PROBLEM DESCRIPTION
For this exercise, retype all the data exactly and exclude every image.

Recorded data
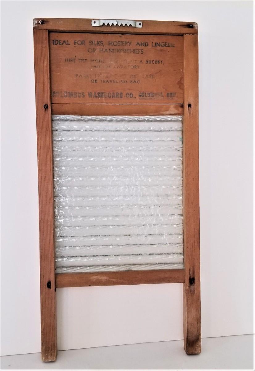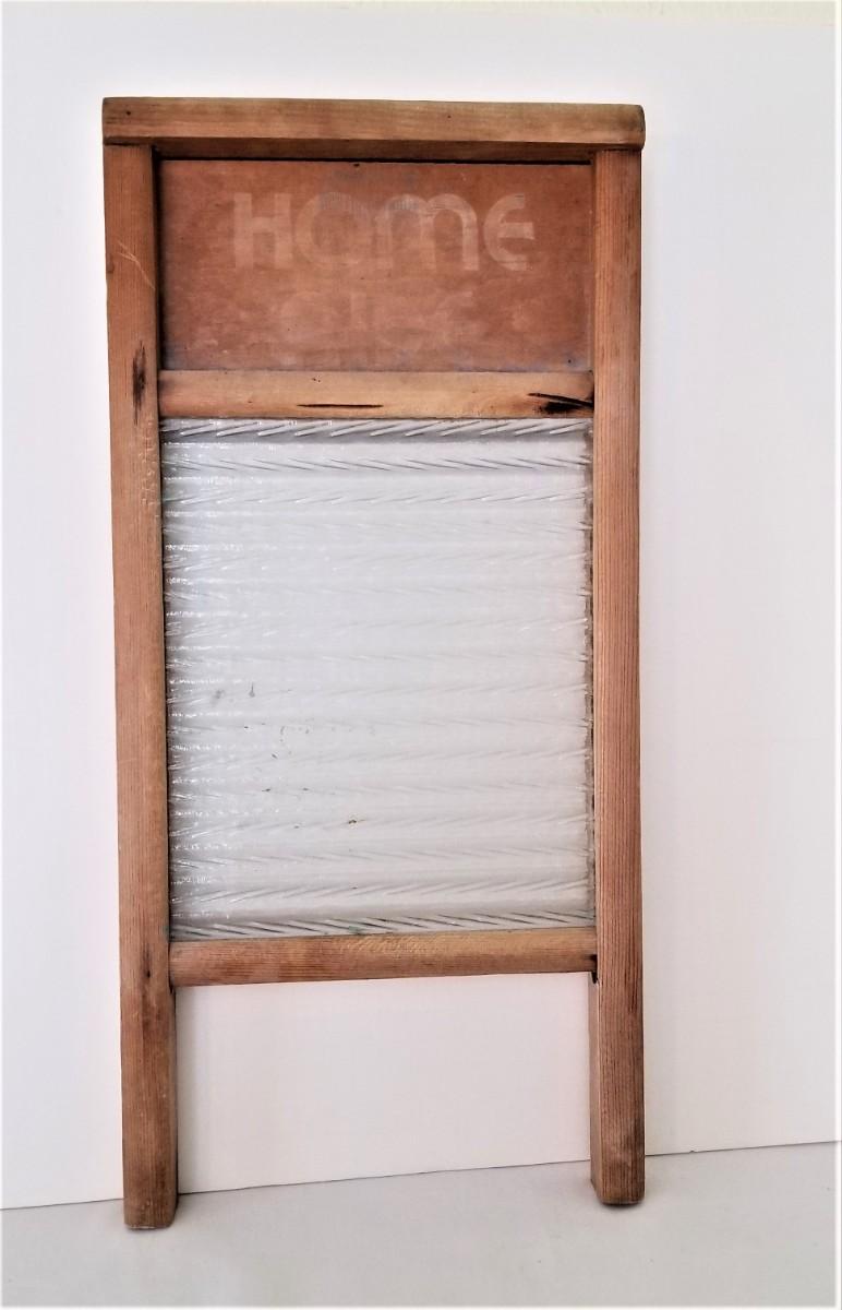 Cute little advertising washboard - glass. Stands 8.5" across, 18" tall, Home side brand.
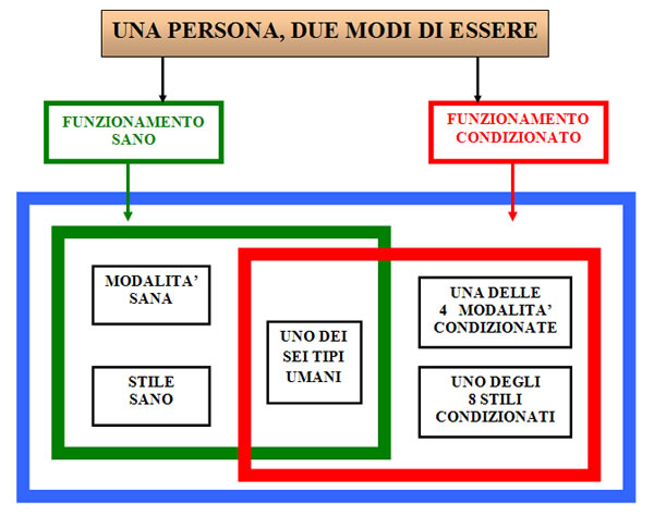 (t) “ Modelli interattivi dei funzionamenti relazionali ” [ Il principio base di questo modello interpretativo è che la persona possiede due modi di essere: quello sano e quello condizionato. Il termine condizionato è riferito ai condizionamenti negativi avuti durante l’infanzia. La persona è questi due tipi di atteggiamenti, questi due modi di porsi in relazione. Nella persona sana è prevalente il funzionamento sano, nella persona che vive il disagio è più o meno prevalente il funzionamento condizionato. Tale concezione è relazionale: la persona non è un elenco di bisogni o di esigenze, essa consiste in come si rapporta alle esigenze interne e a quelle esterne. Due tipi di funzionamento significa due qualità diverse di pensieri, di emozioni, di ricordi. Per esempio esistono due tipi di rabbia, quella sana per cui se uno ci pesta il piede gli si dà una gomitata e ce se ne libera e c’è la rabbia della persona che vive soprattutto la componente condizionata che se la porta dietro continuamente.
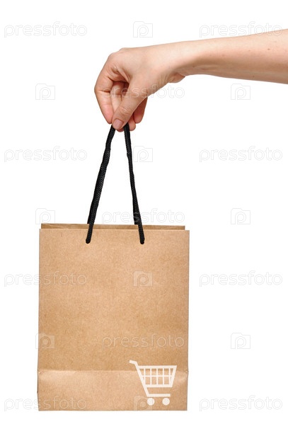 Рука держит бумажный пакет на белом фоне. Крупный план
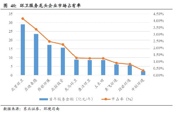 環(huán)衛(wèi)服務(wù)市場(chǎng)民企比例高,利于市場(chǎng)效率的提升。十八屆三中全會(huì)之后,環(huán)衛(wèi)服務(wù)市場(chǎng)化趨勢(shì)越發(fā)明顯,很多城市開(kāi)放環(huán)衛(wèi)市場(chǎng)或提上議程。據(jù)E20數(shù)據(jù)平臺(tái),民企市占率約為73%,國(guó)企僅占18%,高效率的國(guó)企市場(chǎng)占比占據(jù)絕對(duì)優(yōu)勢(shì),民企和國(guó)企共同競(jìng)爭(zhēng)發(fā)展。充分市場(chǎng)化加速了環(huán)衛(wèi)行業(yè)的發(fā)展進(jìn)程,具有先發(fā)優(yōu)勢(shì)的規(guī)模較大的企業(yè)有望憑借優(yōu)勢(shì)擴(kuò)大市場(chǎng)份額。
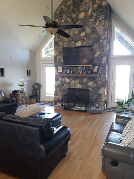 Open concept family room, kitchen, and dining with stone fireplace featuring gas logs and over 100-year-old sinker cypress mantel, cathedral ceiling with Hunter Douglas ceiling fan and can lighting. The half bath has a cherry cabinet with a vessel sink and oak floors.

RESPONSE
 Cute little advertising washboard - glass. Stands 8.5" across, 18" tall, Home side brand.
 (t) “ Modelli interattivi dei funzionamenti relazionali ” [ Il principio base di questo modello interpretativo è che la persona possiede due modi di essere: quello sano e quello condizionato. Il termine condizionato è riferito ai condizionamenti negativi avuti durante l’infanzia. La persona è questi due tipi di atteggiamenti, questi due modi di porsi in relazione. Nella persona sana è prevalente il funzionamento sano, nella persona che vive il disagio è più o meno prevalente il funzionamento condizionato. Tale concezione è relazionale: la persona non è un elenco di bisogni o di esigenze, essa consiste in come si rapporta alle esigenze interne e a quelle esterne. Due tipi di funzionamento significa due qualità diverse di pensieri, di emozioni, di ricordi. Per esempio esistono due tipi di rabbia, quella sana per cui se uno ci pesta il piede gli si dà una gomitata e ce se ne libera e c’è la rabbia della persona che vive soprattutto la componente condizionata che se la porta dietro continuamente.
 Рука держит бумажный пакет на белом фоне. Крупный план
 環(huán)衛(wèi)服務(wù)市場(chǎng)民企比例高,利于市場(chǎng)效率的提升。十八屆三中全會(huì)之后,環(huán)衛(wèi)服務(wù)市場(chǎng)化趨勢(shì)越發(fā)明顯,很多城市開(kāi)放環(huán)衛(wèi)市場(chǎng)或提上議程。據(jù)E20數(shù)據(jù)平臺(tái),民企市占率約為73%,國(guó)企僅占18%,高效率的國(guó)企市場(chǎng)占比占據(jù)絕對(duì)優(yōu)勢(shì),民企和國(guó)企共同競(jìng)爭(zhēng)發(fā)展。充分市場(chǎng)化加速了環(huán)衛(wèi)行業(yè)的發(fā)展進(jìn)程,具有先發(fā)優(yōu)勢(shì)的規(guī)模較大的企業(yè)有望憑借優(yōu)勢(shì)擴(kuò)大市場(chǎng)份額。
 Open concept family room, kitchen, and dining with stone fireplace featuring gas logs and over 100-year-old sinker cypress mantel, cathedral ceiling with Hunter Douglas ceiling fan and can lighting. The half bath has a cherry cabinet with a vessel sink and oak floors.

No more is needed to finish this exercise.